WHAT IS EXPECTED
An exact, complete copy of the entries is needed, with the pictures left out.

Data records
----

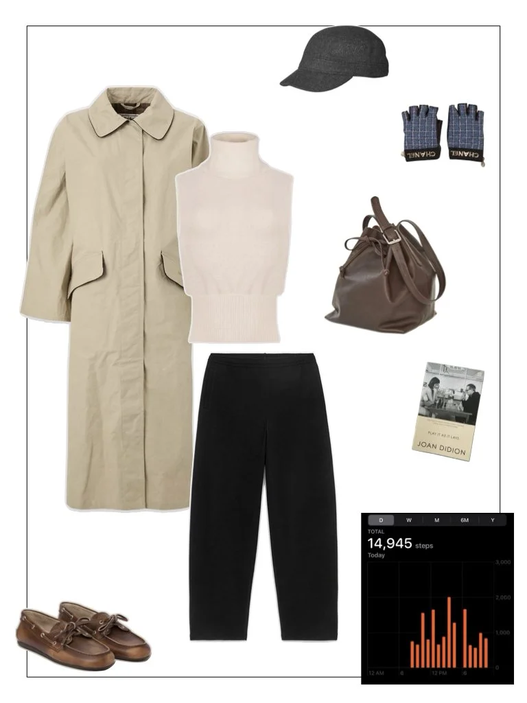 trench coat barbour, sleeveless turtleneck zodiaque, trousers arket, bag aff ager, boat shoes miu miu, cap kernemilk, gloves vintage chanel (similar here)
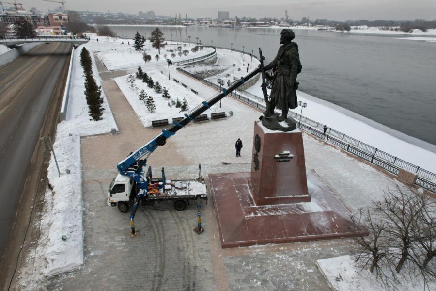 Памятники Ленину, Александру III, Якову Похабову, адмиралу Колчаку, маршалу Жукову, стелу «Город трудовой доблести» и другие монументы чистят с помощью автовышки.
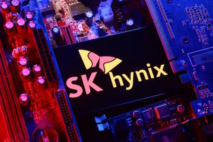 شعار شركة «إس كيه هاينكس» ولوحة أم للكمبيوتر تظهر في هذا الرسم التوضيحي (رويترز)
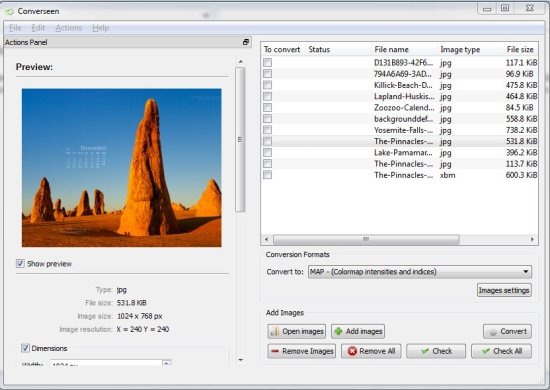 Coverseen is another free image converter software using which you can convert images to any major image formats. Apart from converting images, you can use this free image converter to even resize images. This free image converter supports formats like PNG, TIFF, JPEG, GIF, DPX, EXR, SVG, etc. In addition, this tool is capable enough to perform bulk image conversion or resize. The user-interface is clean and easy to understand, so even the novice users won’t face an issue in using Coverseen. You are even allowed to compress the images, adjust the resolution for images. This free image converter even shows you details for images like image format, image size, image resolution and image size. Download Coverseen for free.
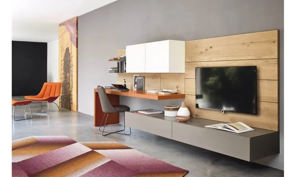 Il living si compone di molteplici mobili e oggetti accessori capaci di completare lo spazio usufruendo al meglio di ogni angolo; tra questi non mancherà una parete attrezzata come il modello Lampo di Sangiacomo presente in foto, studiata per dare vita a un soggiorno pratico e dinamico.
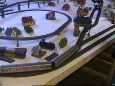 Bei dem Material handelte es sich um jede Menge Bäume, ein Trafo zahlreiche Hausmodelle und 2 D.-Zug- und 1 Güterwagen
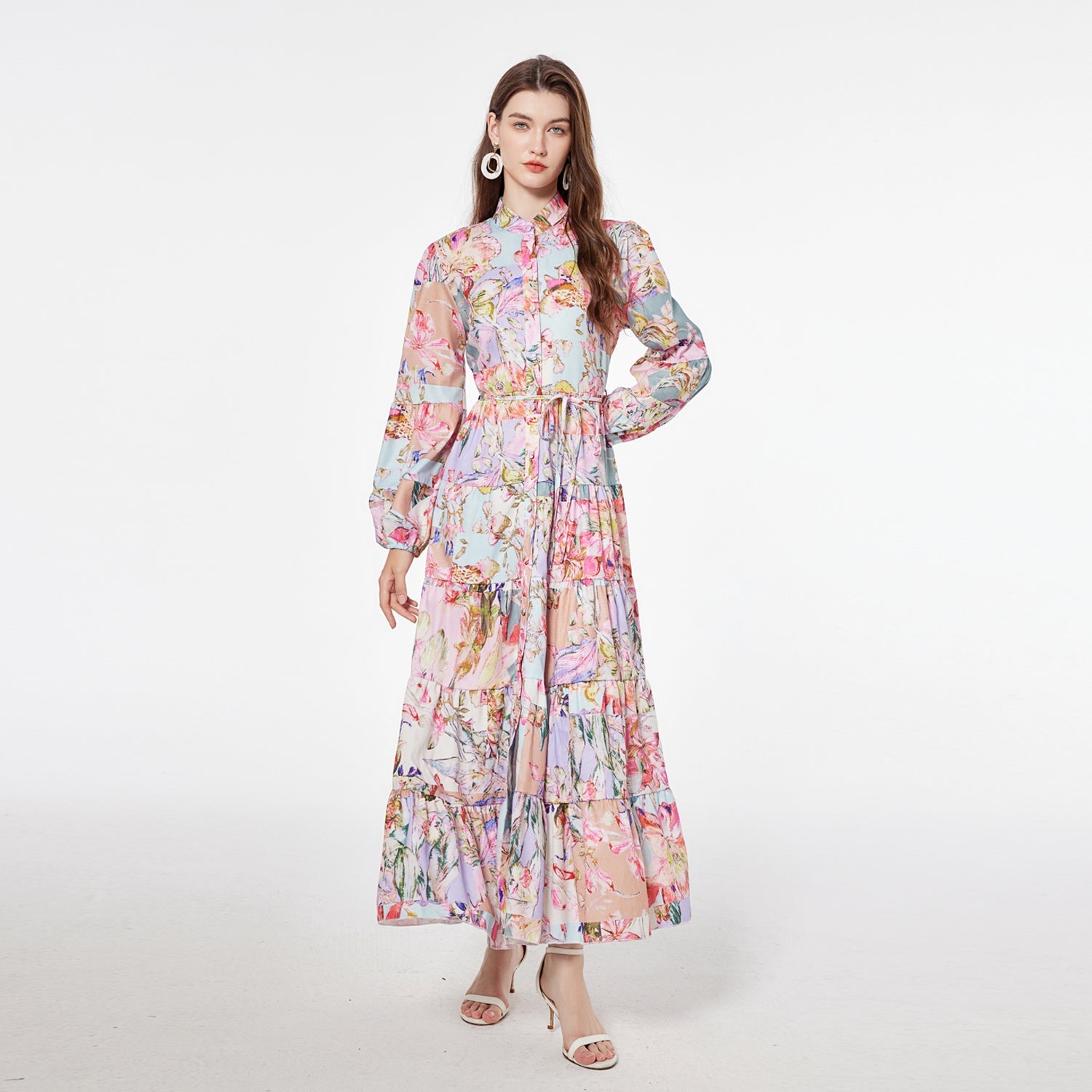 Printed Single Breasted Looseeign Trade Dress Lace Up Vacation Style Retro Long Dress

----

ANSWER BOX
 trench coat barbour, sleeveless turtleneck zodiaque, trousers arket, bag aff ager, boat shoes miu miu, cap kernemilk, gloves vintage chanel (similar here)
 Памятники Ленину, Александру III, Якову Похабову, адмиралу Колчаку, маршалу Жукову, стелу «Город трудовой доблести» и другие монументы чистят с помощью автовышки.
 شعار شركة «إس كيه هاينكس» ولوحة أم للكمبيوتر تظهر في هذا الرسم التوضيحي (رويترز)
 Coverseen is another free image converter software using which you can convert images to any major image formats. Apart from converting images, you can use this free image converter to even resize images. This free image converter supports formats like PNG, TIFF, JPEG, GIF, DPX, EXR, SVG, etc. In addition, this tool is capable enough to perform bulk image conversion or resize. The user-interface is clean and easy to understand, so even the novice users won’t face an issue in using Coverseen. You are even allowed to compress the images, adjust the resolution for images. This free image converter even shows you details for images like image format, image size, image resolution and image size. Download Coverseen for free.
 Il living si compone di molteplici mobili e oggetti accessori capaci di completare lo spazio usufruendo al meglio di ogni angolo; tra questi non mancherà una parete attrezzata come il modello Lampo di Sangiacomo presente in foto, studiata per dare vita a un soggiorno pratico e dinamico.
 Bei dem Material handelte es sich um jede Menge Bäume, ein Trafo zahlreiche Hausmodelle und 2 D.-Zug- und 1 Güterwagen
 Printed Single Breasted Looseeign Trade Dress Lace Up Vacation Style Retro Long Dress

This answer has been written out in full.